YouTubeで、今は亡き古今亭志ん生、金原亭馬生、古今亭志ん朝の親子を好んで聴きます。
1965年、2年先輩のKさんが家業を継ぐためIHIを退社する前に、「千早ぶる」を披露して、笑って貰えたことがありました。
千早ぶる 神代もきかず 龍田川 からくれなゐに 水くくるとは
熊さんが物知りのご隠居の処に行き、詩の意味を教えてくれと頼みますと、珍妙な解釈をするのです。
相撲取りの立田川が、実力・人気共に秀でて来て、自信も出来ましたので、遊郭に遊びに行きましたが、お目当ての千早太夫が相手をしてくれないので、妹分の神代太夫にも振られてしまいます。

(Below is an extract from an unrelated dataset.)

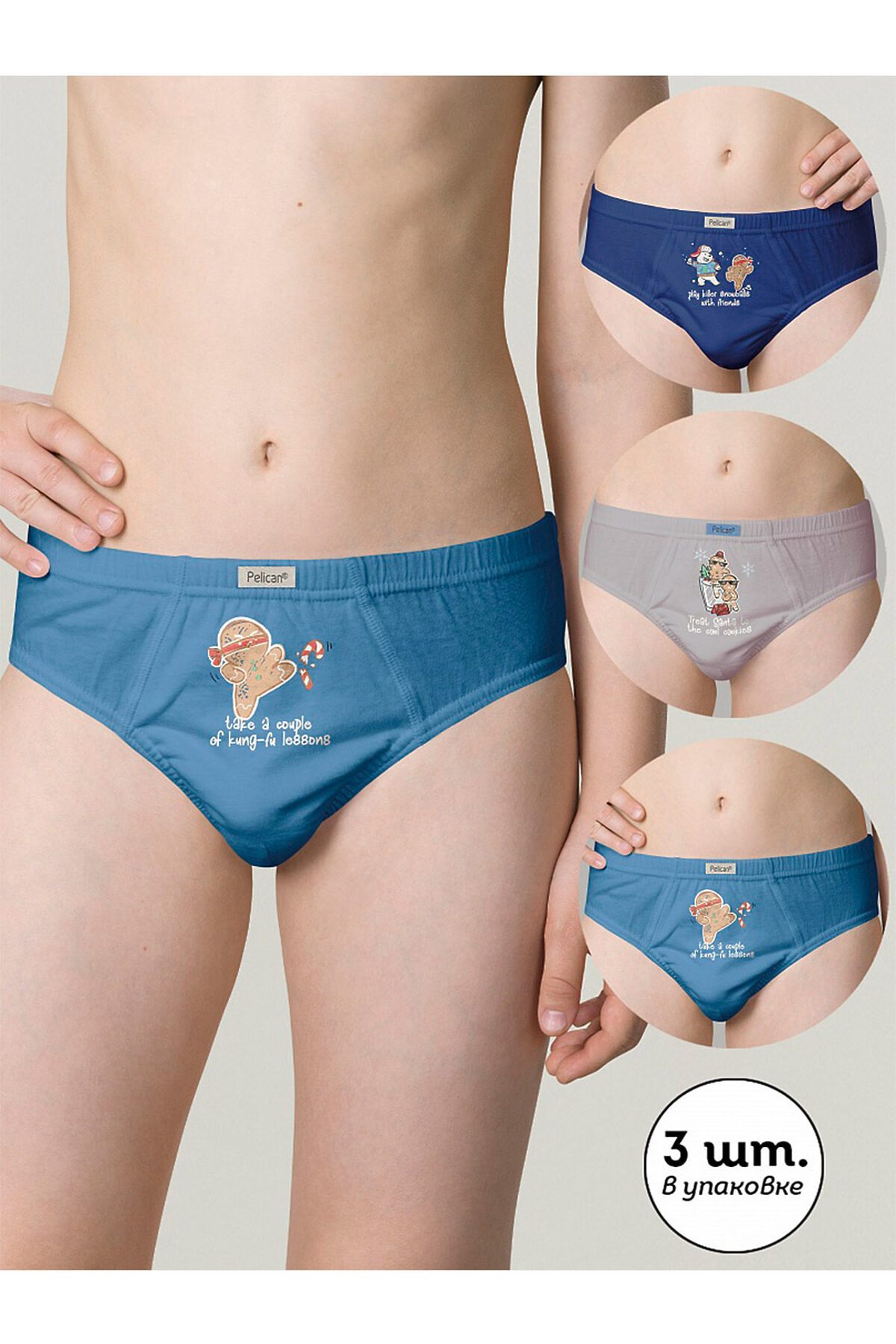 Трусы, 3 шт. PELICAN, серый/голубой/джинс
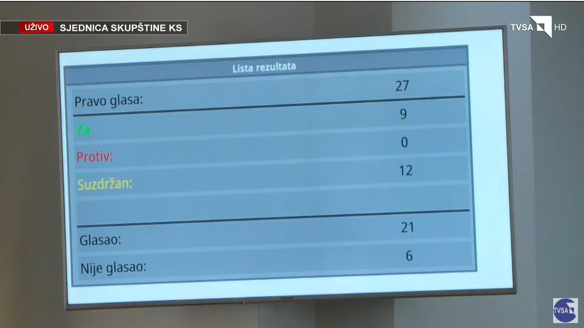 - Za je glasalo devet, protiv ništa, suzdržanih 17. Konstatujem da Skupština nije prihvatila ovu inicijativu - konstatovao je nakon pojedinačnog izjašnjavanja Elvedin Okerić, predsjedavajući Skupštine KS.

がっかりして相撲から引退して郷里に帰り、家業の豆腐屋を継ぎます。
其処へ、落ちぶれた女が訪れて、空腹なのでオカラを恵んでくれと頼むのです。
よく見ますと、それは千早大夫の成れの果てでした。
昔の恨みもあって、どんと付き出しますと、体力も無いので、よろよろと井戸に落ちて亡くなってしまったと言うのです。
熊さんは「分かりましたが、最後の「とは」はどういう意味ですか?」と聞くので、困ったご隠居、「とは」は千早太夫の本名だと答えるのです。